Тимофей Петрович не возражал и немного погодя вдруг сказал жене:

– Дарюха!.. смекаю я – здесь невыгодно торговать-то.

– Это почему так? На тракту, да невыгодно… Ты еще скажешь, и кузницу долой…

– Затараторила… Я вовсе не к тому, что невыгодно. А видишь суть какая: не худо бы в Козьем Болоте лавочку открыть. А?

– Вот уж! полезь туда с торговлей, скажут – новые порядки ввел.

Однако Дарья Викентьевна задумалась.

– И что это ты вздумал непременно лавчонку в Козьем Болоте?

– Знаешь? – начал нерешительно муж. – Я никому не хотел говорить, да уж так и быть скажу тебе, только ты молчи… Как ты думаешь насчет этого: не худо бы купить у племянницы дом.

– Ну?

– Знаешь, дом родовой, да и я с Игнатьем сам его строил… Оно конешно, у меня робята тоже свои и у Игнатья свои; пополам значит…

Жена задумалась.

Вдруг входит к ним Курносов. Пальто загрязнено, о брюках и говорить нечего; его пошатывает.

– Пьян, дядя… пьян! – проговорил Курносов и сел на скамейку к столу.

– Хорош молодой! Диви бы жену какую выбрал – дряннуху али бы… – начала Дарья Викентьевна.

– Хуже!! – Курносов махнул рукой.

– Чем же она худа-то?

– Стряпать не умеет.

Тимофей Петрович и Дарья Викентьевна захохотали.

– Стыдился бы ты говорить-то! – сказала сердито Дарья Викентьевна.

– Вру я, что ли?

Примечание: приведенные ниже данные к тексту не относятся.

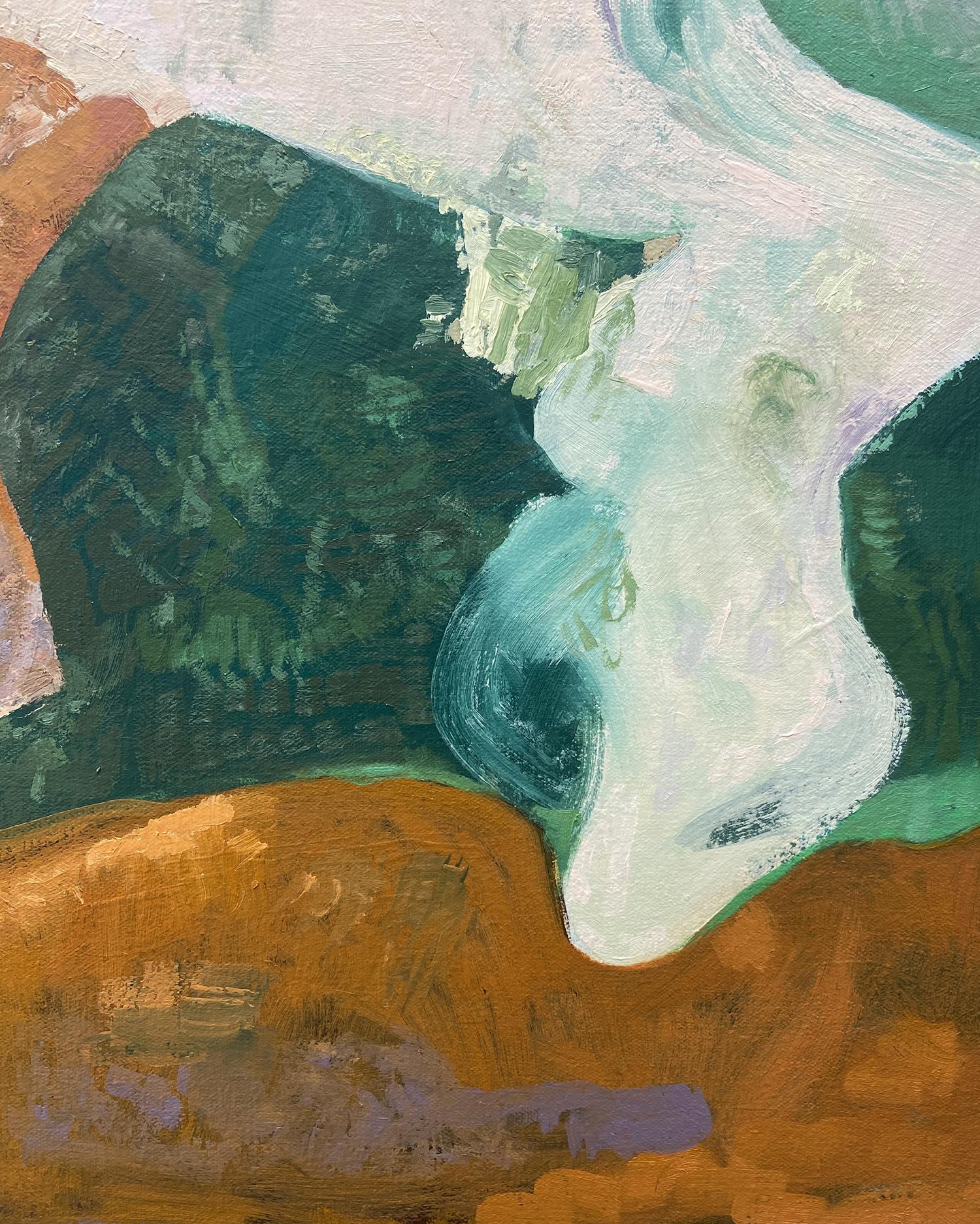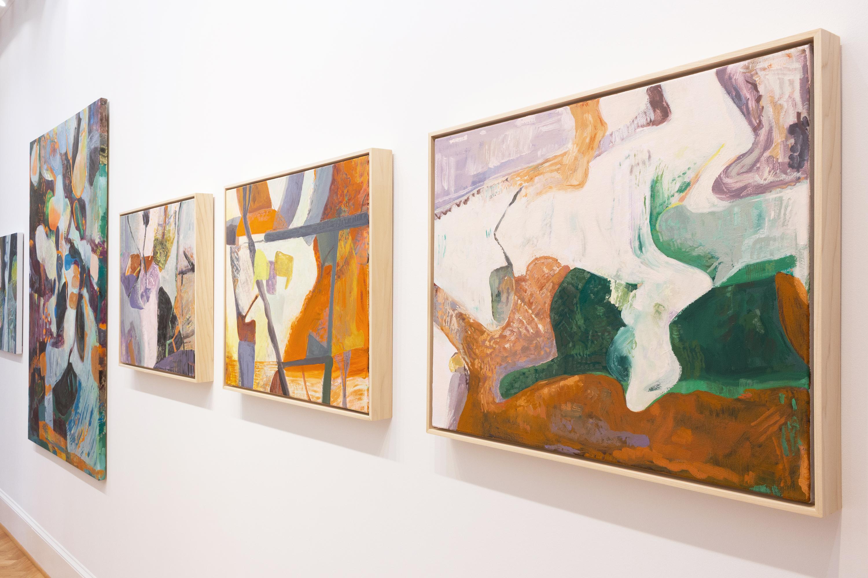 Die irisch-amerikanische Künstlerin Eilis Crean hat mit "Meanderspace" eine Serie neuer abstrakter Gemälde geschaffen, die von ihrer derzeitigen Umgebung in Georgia, von Erinnerungen an das ländliche und küstennahe Irland sowie vom Zusammenspiel von Natur und menschlicher Migration beeinflusst sind. Diese abstrakten Werke sind erfundene Landschaften, die sowohl auf wilde als auch auf kultivierte Räume anspielen, wie z. B. einen Hinterhof, einen Pfad an einer Klippe, eine Landzunge im Nordatlantik oder halbtropische Unterwuchs- und Baumkronen. Der Malprozess beinhaltet eine schichtweise gebrochene Markierung, um eine vibrierende Farbe zu erzeugen, die den Betrachter vom Erkennen zum Empfinden bringt. "Meine Absicht ist es, beobachtete und vorgestellte Formen zu entmaterialisieren und neu zu gestalten, um hybride Umgebungen zu schaffen, die zyklische und metaphorische Reisen hervorrufen", sagt Eilis.

Сама, поди, видела, ела.

– Все это, как я погляжу, Петруха, одна придирка с твоей стороны. Право! Ты не обидься моими глупыми речами: глуп я давно, а все-ж скажу, что и я тоже не с рынку покупал хлеб-то. Кто пек, да щи-то варил? Племянница. О-ох ты!! – проговорил недовольно Тимофей Петрович и вышел во двор.

Дарья Викентьевна была чем-то занята и тоже вышла вслед за мужем. Петр Саввич посидел немного и тоже вышел.

IX

После описанных выше сцен прошло три недели. Положение Прасковьи Игнатьевны немного улучшилось: Петр Саввич перестал пить и ежедневно ходит на службу, после обеда уходит рыбачить с Матвеем Матвеевичем Потаповым, известным в таракановском заводе стихоплетом. Матвей Матвеевич очень смешной человек – и трезвый, и навеселе; последнее, впрочем, случается редко: Матвей Матвеевич любит выпить на даровщину, да и не только выпить, но и в звании любимца управляющего он частенько обедает у приказных. Глаза у него карие, брови, волоса и усы черные, он еще молод, на жирном лице заметна постоянная улыбка, он то и дело вдыхает носом в себя воздух, а когда смеется, то левую ладонь прикладывает к левому глазу – по привычке, перенятой от приказчика Переплетчикова, с которым он хотя и не был дружен, но у хороших людей сталкивался. Прасковья Игнатьевна давно его знала, как шута горохового, ей весело было с ним – и только. Она даже не умела подметить в нем ничего дурного, напротив, она искренно хвалила его за то, что он часто привозил домой ее пьяного мужа и говорил ей, что он всячески старается направить Петра Саввича на истинный путь, т. е. не дает водки, и т. п. Захаживал Потапов и без Курносова, но только болтал вздор и смешил до слез Прасковью Игнатьевну, которая нарочно упрашивала его посидеть. Посещения Потапова только одними шутками и заканчивались. – Прасковья Игнатьевна не могла не нарадоваться тому, что муженек ее не пьет по-прежнему, но ей почему-то и от чего-то скучно становилось. Ей казалось, что рабочие женщины живут лучше ее: у них все есть по домашности, а у нее ничего нет.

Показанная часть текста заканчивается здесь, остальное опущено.